What the exercise asks:
All of the records below need to be written out exactly, but without the pictures.

Stored entries:
----------------------------------------
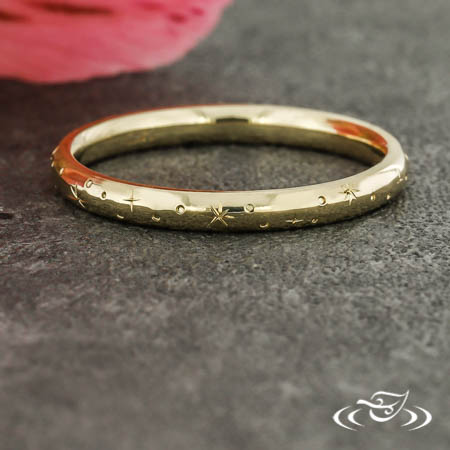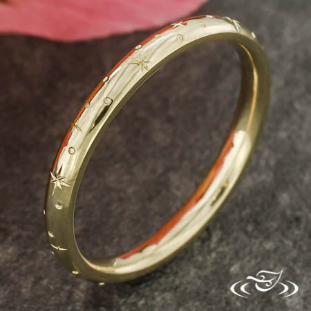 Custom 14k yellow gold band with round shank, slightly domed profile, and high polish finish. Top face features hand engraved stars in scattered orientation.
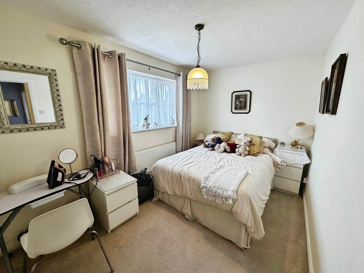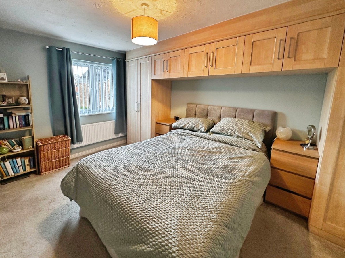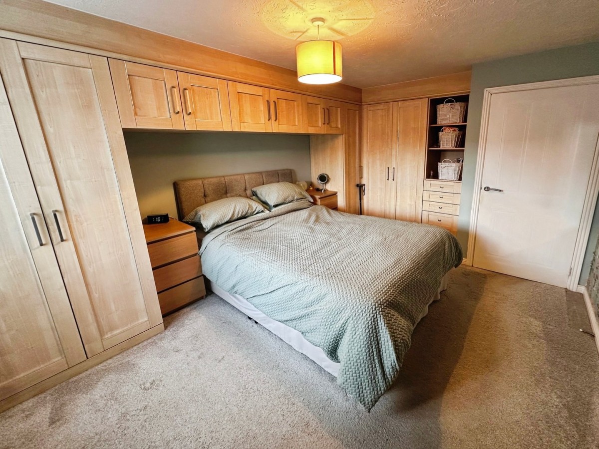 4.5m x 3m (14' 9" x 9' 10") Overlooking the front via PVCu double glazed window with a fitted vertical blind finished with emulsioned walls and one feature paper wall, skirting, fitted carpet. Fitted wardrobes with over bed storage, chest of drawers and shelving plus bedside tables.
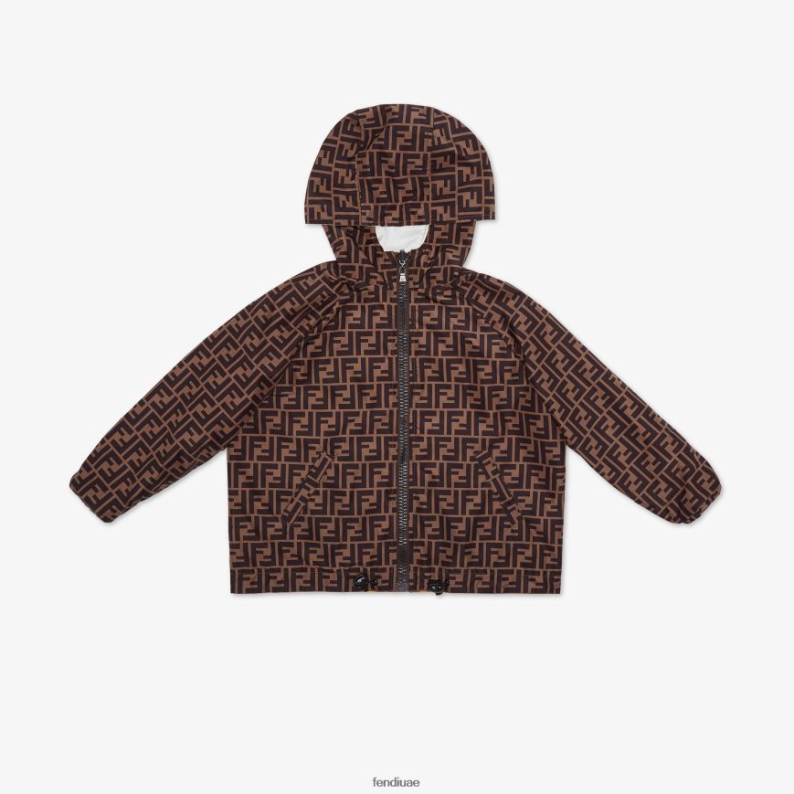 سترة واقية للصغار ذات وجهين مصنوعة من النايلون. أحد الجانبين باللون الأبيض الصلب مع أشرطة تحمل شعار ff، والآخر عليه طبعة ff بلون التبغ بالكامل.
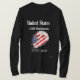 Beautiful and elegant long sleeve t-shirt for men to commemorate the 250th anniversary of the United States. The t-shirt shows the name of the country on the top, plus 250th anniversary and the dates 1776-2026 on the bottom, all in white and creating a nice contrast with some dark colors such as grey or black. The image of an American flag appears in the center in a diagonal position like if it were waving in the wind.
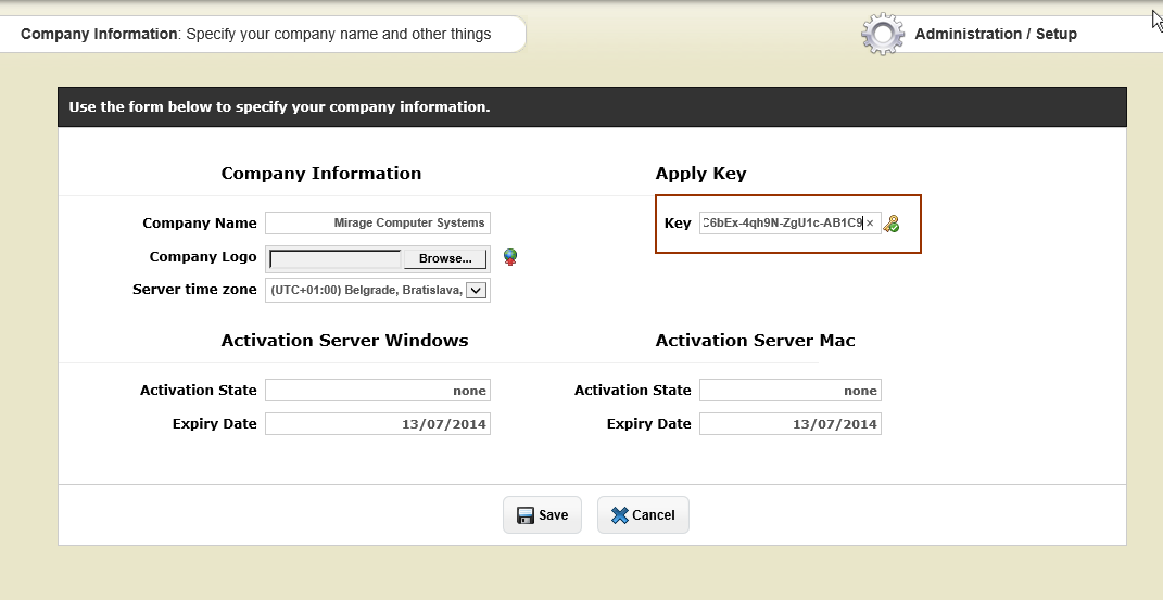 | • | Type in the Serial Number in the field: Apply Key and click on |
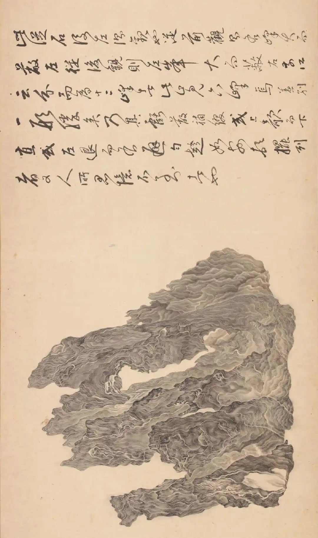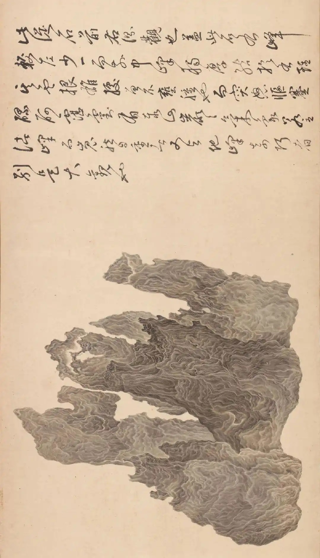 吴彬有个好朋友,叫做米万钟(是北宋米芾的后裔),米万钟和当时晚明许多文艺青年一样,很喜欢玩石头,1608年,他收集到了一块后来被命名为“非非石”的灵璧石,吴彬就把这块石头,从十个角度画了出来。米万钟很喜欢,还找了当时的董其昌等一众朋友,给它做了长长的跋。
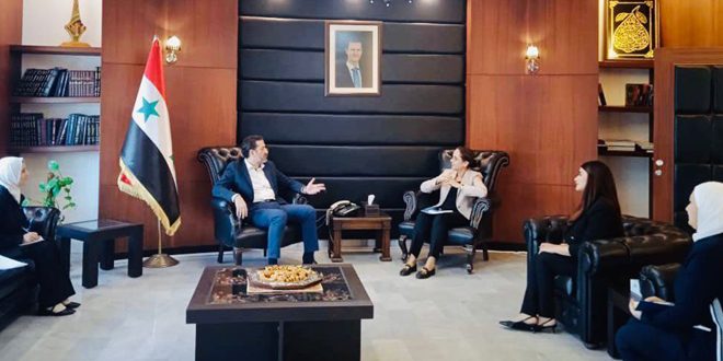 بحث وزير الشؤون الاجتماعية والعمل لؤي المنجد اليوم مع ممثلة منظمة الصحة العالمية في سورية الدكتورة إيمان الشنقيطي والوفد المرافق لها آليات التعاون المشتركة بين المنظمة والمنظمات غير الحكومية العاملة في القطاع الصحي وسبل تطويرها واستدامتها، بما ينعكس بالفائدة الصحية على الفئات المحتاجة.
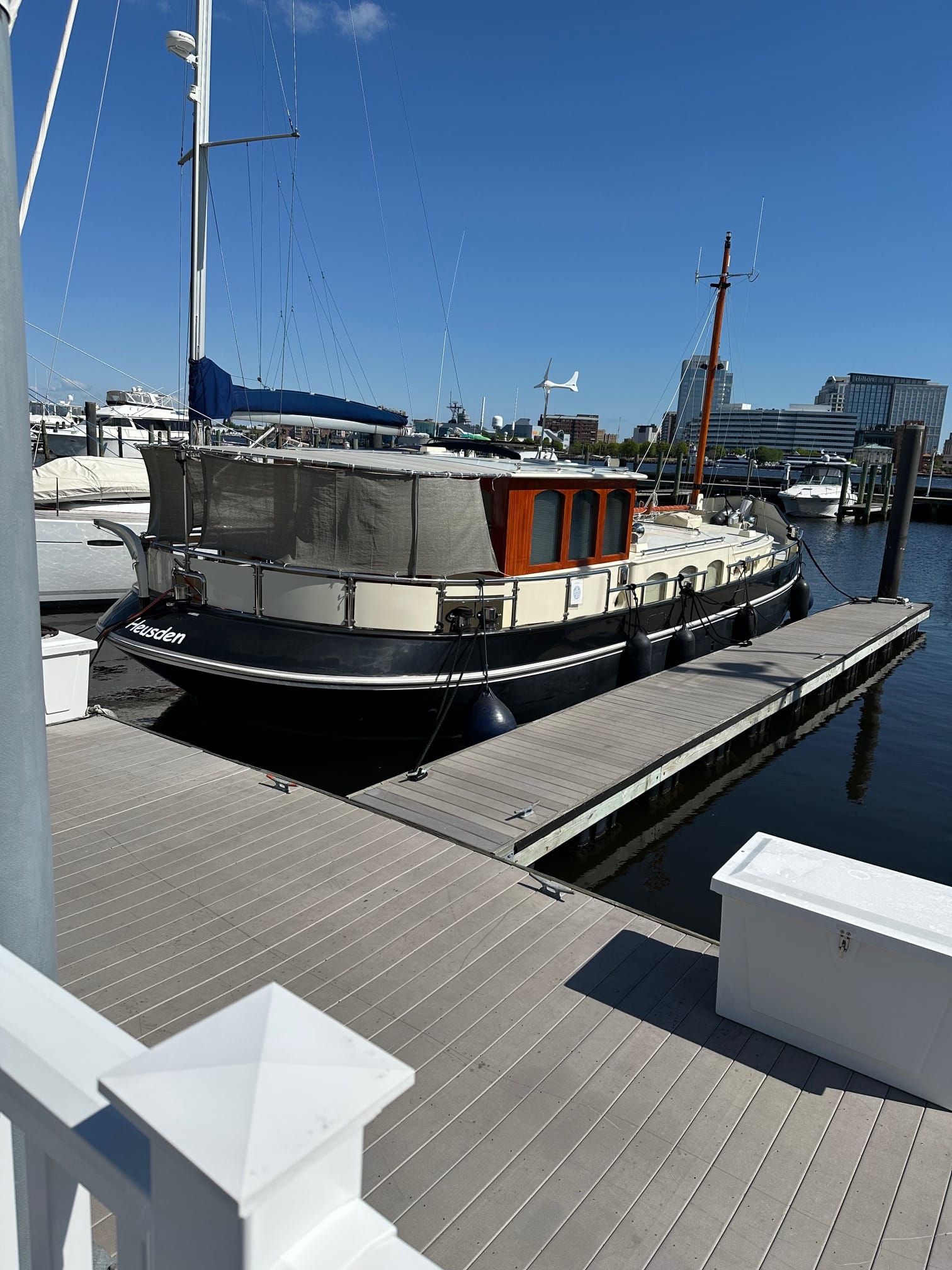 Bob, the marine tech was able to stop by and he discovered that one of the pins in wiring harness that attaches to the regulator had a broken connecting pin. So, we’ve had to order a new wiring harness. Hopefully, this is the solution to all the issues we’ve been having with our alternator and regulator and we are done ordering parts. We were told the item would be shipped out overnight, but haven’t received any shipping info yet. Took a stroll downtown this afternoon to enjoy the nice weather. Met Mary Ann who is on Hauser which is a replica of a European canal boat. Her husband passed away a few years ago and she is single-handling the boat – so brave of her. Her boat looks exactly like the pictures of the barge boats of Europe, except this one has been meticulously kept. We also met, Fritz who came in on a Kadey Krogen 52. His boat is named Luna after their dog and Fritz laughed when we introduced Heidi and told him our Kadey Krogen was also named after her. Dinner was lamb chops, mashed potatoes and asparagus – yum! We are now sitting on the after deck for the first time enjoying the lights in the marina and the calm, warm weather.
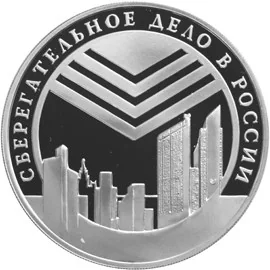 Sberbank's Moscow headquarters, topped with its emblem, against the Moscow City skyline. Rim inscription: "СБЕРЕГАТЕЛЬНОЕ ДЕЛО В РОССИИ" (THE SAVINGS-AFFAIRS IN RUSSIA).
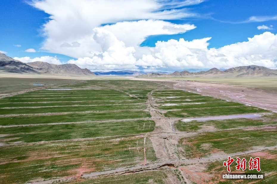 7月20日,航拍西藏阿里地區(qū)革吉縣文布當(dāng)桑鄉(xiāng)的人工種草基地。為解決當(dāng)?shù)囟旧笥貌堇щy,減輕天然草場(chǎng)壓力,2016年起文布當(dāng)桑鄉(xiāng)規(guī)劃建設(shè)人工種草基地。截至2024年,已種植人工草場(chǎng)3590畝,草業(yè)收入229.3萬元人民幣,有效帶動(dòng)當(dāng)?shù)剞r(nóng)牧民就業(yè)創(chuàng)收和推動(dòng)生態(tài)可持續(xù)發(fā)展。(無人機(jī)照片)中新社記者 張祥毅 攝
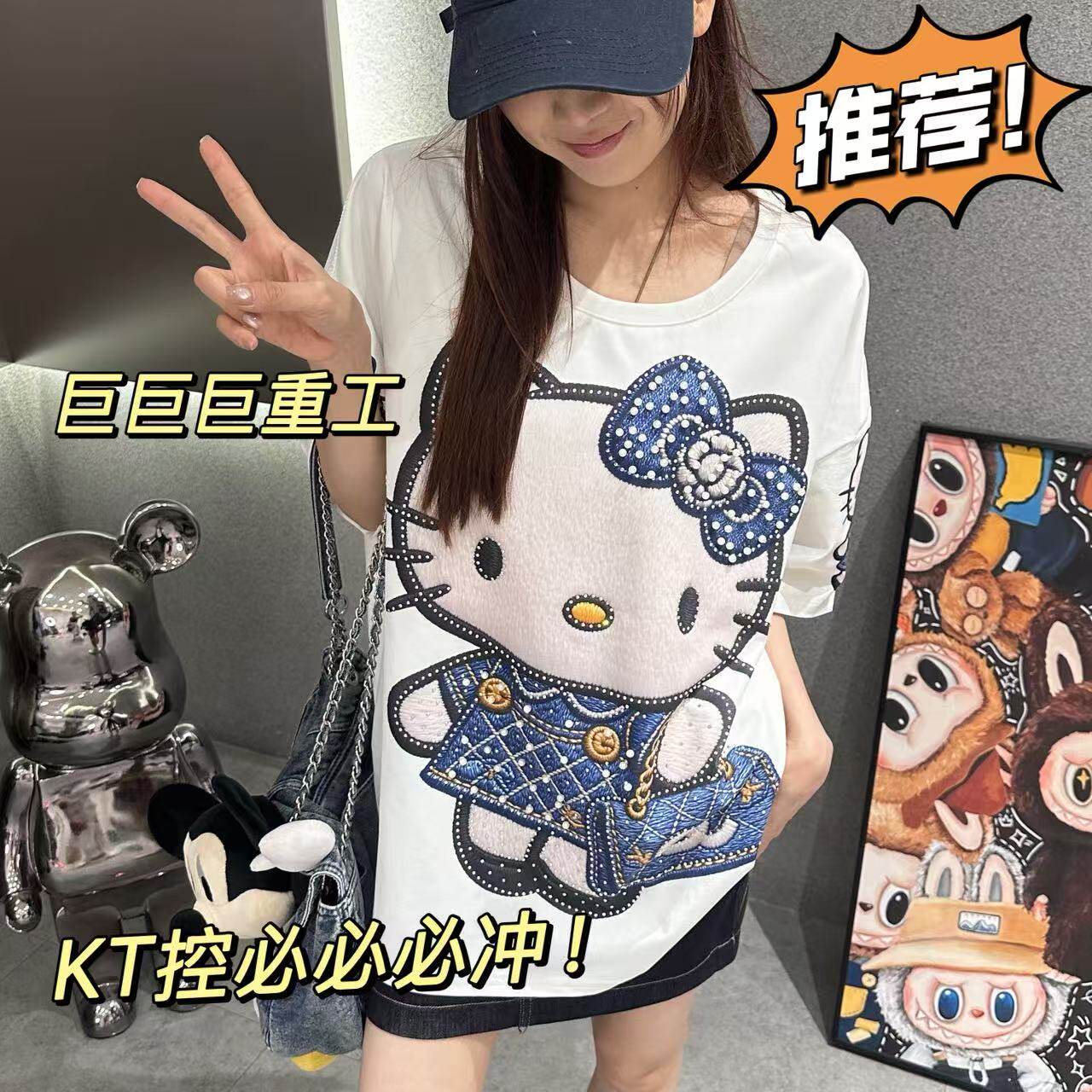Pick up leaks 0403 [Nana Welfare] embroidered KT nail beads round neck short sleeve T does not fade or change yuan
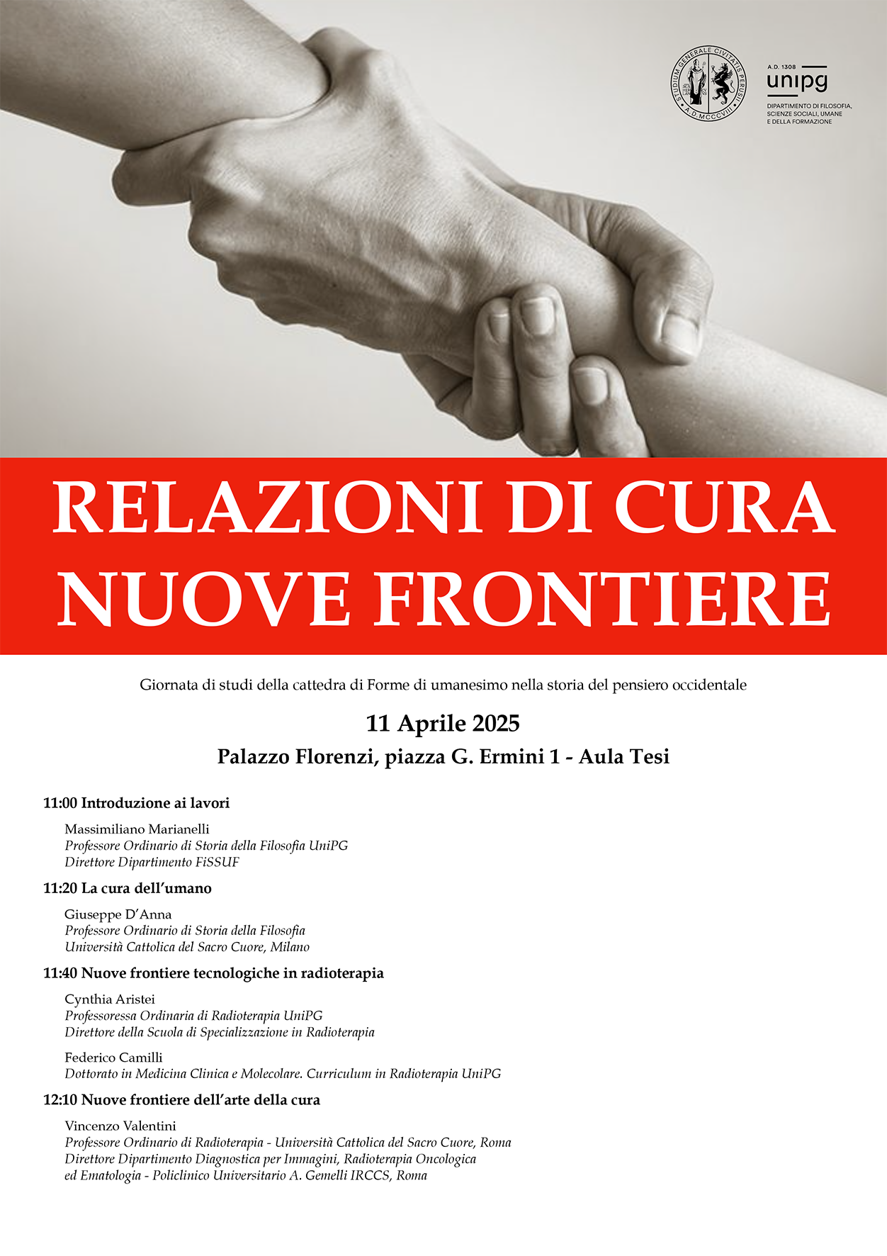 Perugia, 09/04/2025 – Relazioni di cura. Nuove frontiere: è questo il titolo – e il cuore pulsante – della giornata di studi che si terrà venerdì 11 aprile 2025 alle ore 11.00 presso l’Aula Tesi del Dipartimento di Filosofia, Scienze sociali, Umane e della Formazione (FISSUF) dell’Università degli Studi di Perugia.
----------------------------------------
Finished exercise:
 Custom 14k yellow gold band with round shank, slightly domed profile, and high polish finish. Top face features hand engraved stars in scattered orientation.
 4.5m x 3m (14' 9" x 9' 10") Overlooking the front via PVCu double glazed window with a fitted vertical blind finished with emulsioned walls and one feature paper wall, skirting, fitted carpet. Fitted wardrobes with over bed storage, chest of drawers and shelving plus bedside tables.
 سترة واقية للصغار ذات وجهين مصنوعة من النايلون. أحد الجانبين باللون الأبيض الصلب مع أشرطة تحمل شعار ff، والآخر عليه طبعة ff بلون التبغ بالكامل.
 Beautiful and elegant long sleeve t-shirt for men to commemorate the 250th anniversary of the United States. The t-shirt shows the name of the country on the top, plus 250th anniversary and the dates 1776-2026 on the bottom, all in white and creating a nice contrast with some dark colors such as grey or black. The image of an American flag appears in the center in a diagonal position like if it were waving in the wind.
 | • | Type in the Serial Number in the field: Apply Key and click on |
 吴彬有个好朋友,叫做米万钟(是北宋米芾的后裔),米万钟和当时晚明许多文艺青年一样,很喜欢玩石头,1608年,他收集到了一块后来被命名为“非非石”的灵璧石,吴彬就把这块石头,从十个角度画了出来。米万钟很喜欢,还找了当时的董其昌等一众朋友,给它做了长长的跋。
 بحث وزير الشؤون الاجتماعية والعمل لؤي المنجد اليوم مع ممثلة منظمة الصحة العالمية في سورية الدكتورة إيمان الشنقيطي والوفد المرافق لها آليات التعاون المشتركة بين المنظمة والمنظمات غير الحكومية العاملة في القطاع الصحي وسبل تطويرها واستدامتها، بما ينعكس بالفائدة الصحية على الفئات المحتاجة.
 Bob, the marine tech was able to stop by and he discovered that one of the pins in wiring harness that attaches to the regulator had a broken connecting pin. So, we’ve had to order a new wiring harness. Hopefully, this is the solution to all the issues we’ve been having with our alternator and regulator and we are done ordering parts. We were told the item would be shipped out overnight, but haven’t received any shipping info yet. Took a stroll downtown this afternoon to enjoy the nice weather. Met Mary Ann who is on Hauser which is a replica of a European canal boat. Her husband passed away a few years ago and she is single-handling the boat – so brave of her. Her boat looks exactly like the pictures of the barge boats of Europe, except this one has been meticulously kept. We also met, Fritz who came in on a Kadey Krogen 52. His boat is named Luna after their dog and Fritz laughed when we introduced Heidi and told him our Kadey Krogen was also named after her. Dinner was lamb chops, mashed potatoes and asparagus – yum! We are now sitting on the after deck for the first time enjoying the lights in the marina and the calm, warm weather.
 Sberbank's Moscow headquarters, topped with its emblem, against the Moscow City skyline. Rim inscription: "СБЕРЕГАТЕЛЬНОЕ ДЕЛО В РОССИИ" (THE SAVINGS-AFFAIRS IN RUSSIA).
 7月20日,航拍西藏阿里地區(qū)革吉縣文布當(dāng)桑鄉(xiāng)的人工種草基地。為解決當(dāng)?shù)囟旧笥貌堇щy,減輕天然草場(chǎng)壓力,2016年起文布當(dāng)桑鄉(xiāng)規(guī)劃建設(shè)人工種草基地。截至2024年,已種植人工草場(chǎng)3590畝,草業(yè)收入229.3萬元人民幣,有效帶動(dòng)當(dāng)?shù)剞r(nóng)牧民就業(yè)創(chuàng)收和推動(dòng)生態(tài)可持續(xù)發(fā)展。(無人機(jī)照片)中新社記者 張祥毅 攝
Pick up leaks 0403 [Nana Welfare] embroidered KT nail beads round neck short sleeve T does not fade or change yuan
 Perugia, 09/04/2025 – Relazioni di cura. Nuove frontiere: è questo il titolo – e il cuore pulsante – della giornata di studi che si terrà venerdì 11 aprile 2025 alle ore 11.00 presso l’Aula Tesi del Dipartimento di Filosofia, Scienze sociali, Umane e della Formazione (FISSUF) dell’Università degli Studi di Perugia.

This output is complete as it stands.